Setting up an Apache Hive Data Warehouse

Setting up an Apache Hive Data Warehouse

The Apache Hive™ data warehouse software facilitates reading, writing, and managing large datasets using SQL in Hadoop Distributed File System. In this post, I will set up Apache Hive 3.1.2 on Apache Hadoop 3.3.0. Hive requires a ready-to-go Hadoop framework. I strongly recommend you to set up your Hadoop framework using the post that I’ve already published named Running a Multi-Node Hadoop Cluster.

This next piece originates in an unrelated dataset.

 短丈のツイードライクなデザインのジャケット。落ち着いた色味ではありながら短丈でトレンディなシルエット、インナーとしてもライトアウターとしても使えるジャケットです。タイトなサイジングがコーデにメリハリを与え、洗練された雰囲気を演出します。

Apache Hive uses a database to store its metadata. I will use a Postgres database as the external metastore thus we should install a Postgres database as our first step. I may use some CentOS (RHEL) commands. We will go through the following steps to run Apache Hive.

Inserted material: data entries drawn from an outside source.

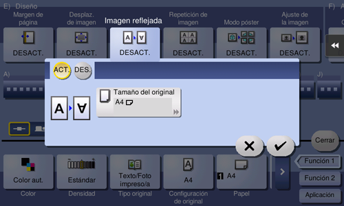 [ACT.]/[DES.] | Seleccione [ACT.] para especificar Imagen reflejada. |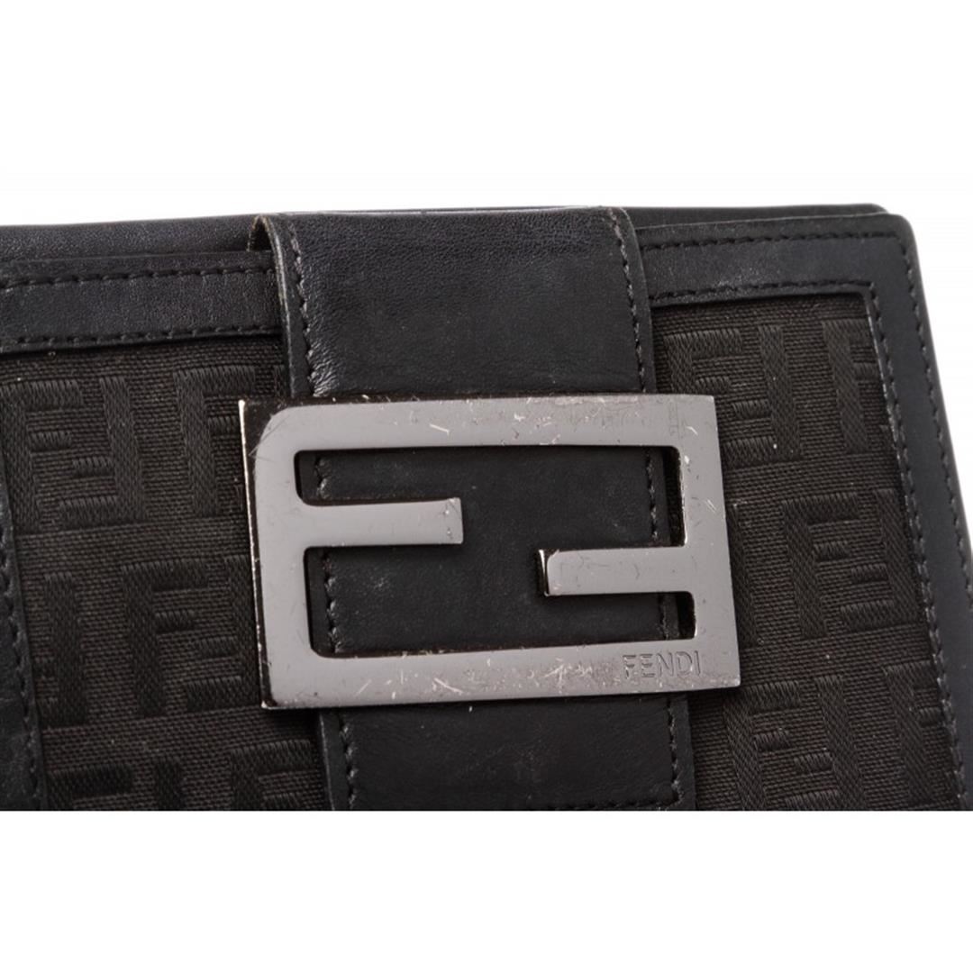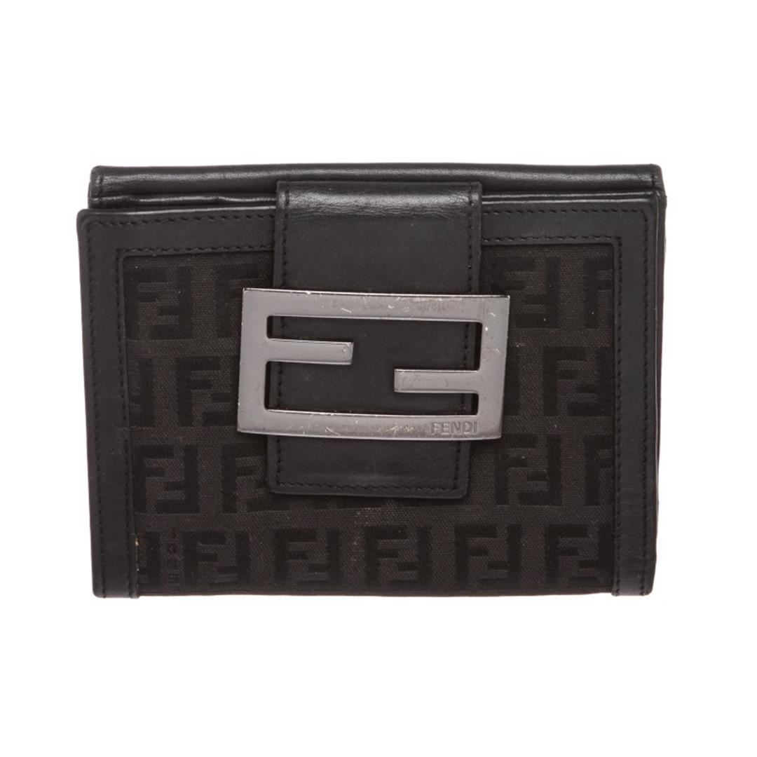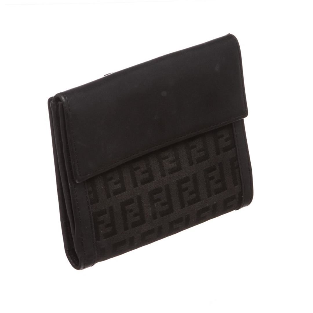 Overall push button closure. Interior contains multiple compartments, bill slip pocket, and one change snap closure pocket. Item is pre-owned. Item Dimensions: 5"x0.5"x4"/12.7cmx1.27cmx10.16cm.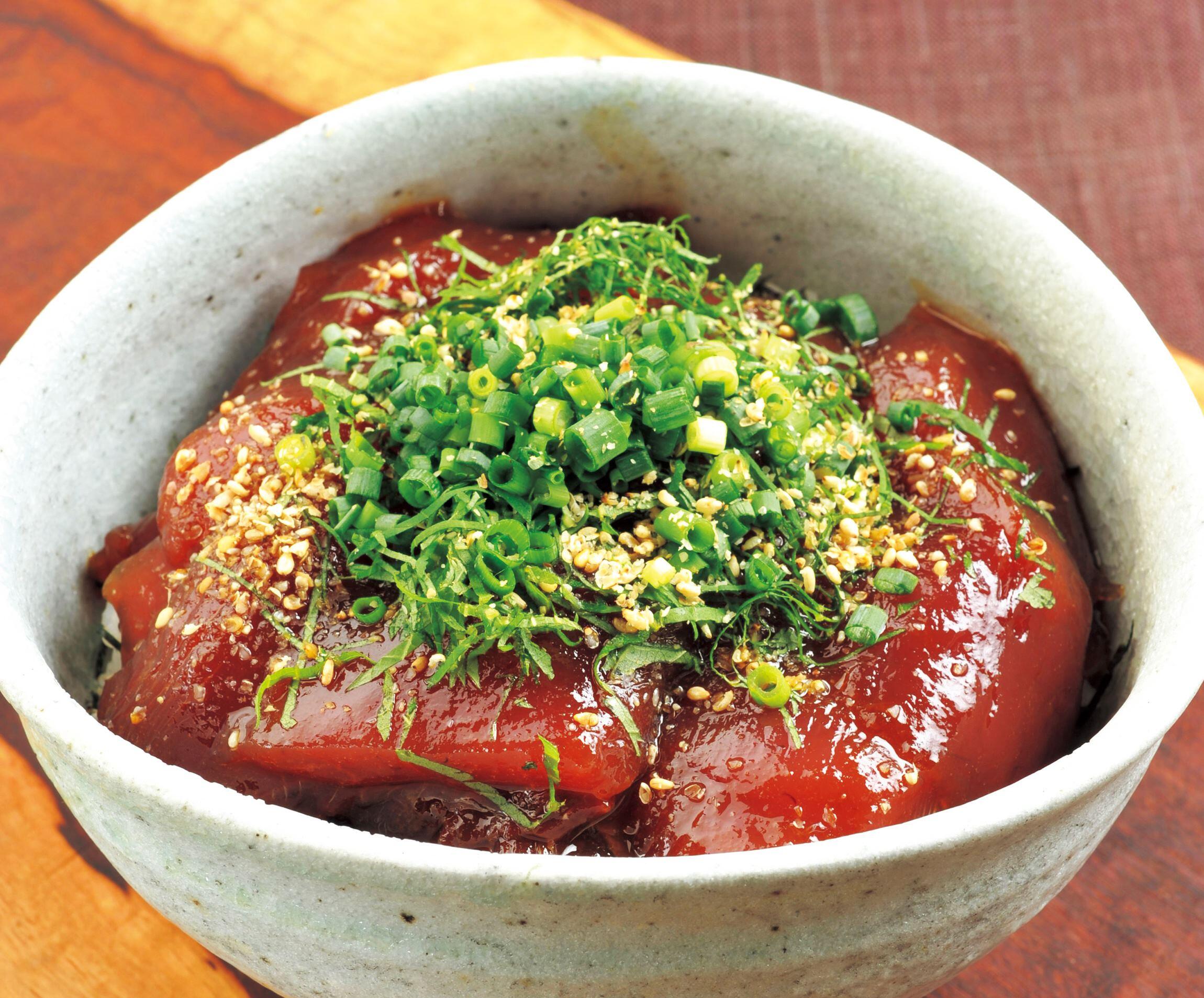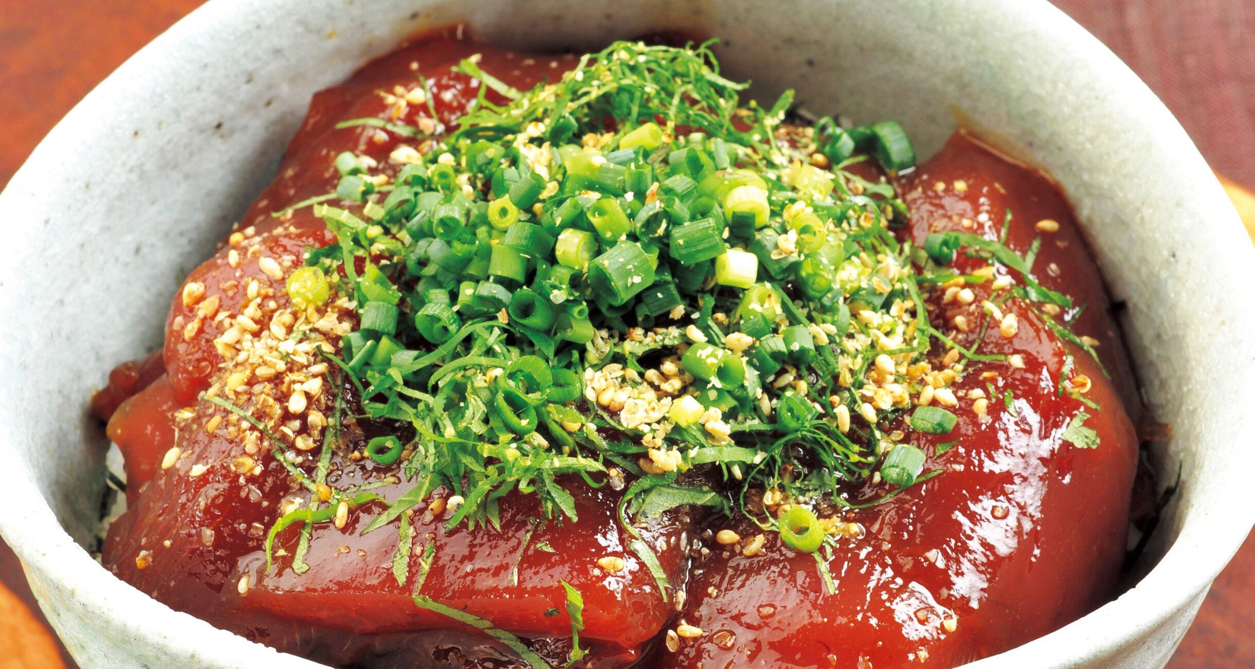 艶やかなカツオに食欲倍増!卵黄辛子醤油に漬け込むことで、濃厚な旨味とコクがプラスされます。酒が進む海鮮丼レシピを「赤坂まるしげ」店主の小久保茂紀さんに教わりました。

  1. Configure Postgres Database
  2. Configure Apache Hive
  3. Resolve Some Errors
  4. Start Apache Hive

Configure Postgres Database

After running the Hadoop framework, we can start setting up Apache Hive. I will assume that you have set up the Hadoop framework using my post Running a Multi-Node Hadoop Cluster to be on the same page. Select one of the Hadoop nodes as the Hive server and install Postgres on it. Apache Hive uses an execution engine (Map-Reduce as default, Tez, or Spark) to run queries distributedly although it will be available on only one server to use. Now, let’s configure the Postgres database.

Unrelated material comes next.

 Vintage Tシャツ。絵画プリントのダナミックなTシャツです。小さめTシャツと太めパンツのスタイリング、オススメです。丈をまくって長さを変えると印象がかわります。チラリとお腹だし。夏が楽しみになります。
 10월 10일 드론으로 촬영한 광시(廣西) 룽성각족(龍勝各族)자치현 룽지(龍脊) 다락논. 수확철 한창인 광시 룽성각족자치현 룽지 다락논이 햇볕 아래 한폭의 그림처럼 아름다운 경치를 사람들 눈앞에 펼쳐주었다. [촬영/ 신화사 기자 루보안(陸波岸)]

[root@hiveserver ~]# sudo -u postgres psql
postgres=# create user hive_user with encrypted password 'hive_password';
postgres=# create database hive_database;
postgres=# grant all privileges on database hive_database to hive_user;

Configure Apache Hive

Download and extract Hive.

[hduser@hiveserver ~]# wget {Apache Hive LINK (I downloaded apache-hive-3.1.2-bin.tar.gz)}
[hduser@hiveserver ~]# cd /opt
[hduser@hiveserver /opt]# sudo tar xzf /home/hduser/apache-hive-3.1.2-bin.tar.gz
[hduser@hiveserver /opt]# sudo ln -s apache-hive-3.1.2-bin/ hive
[hduser@hiveserver /opt]# sudo chown -R hduser:hadoop hive
[hduser@hiveserver /opt]# sudo chown -R hduser:hadoop apache-hive-3.1.2-bin

All Hive config files are available under the directory /pot/hive/conf. Now, edit Hive config files.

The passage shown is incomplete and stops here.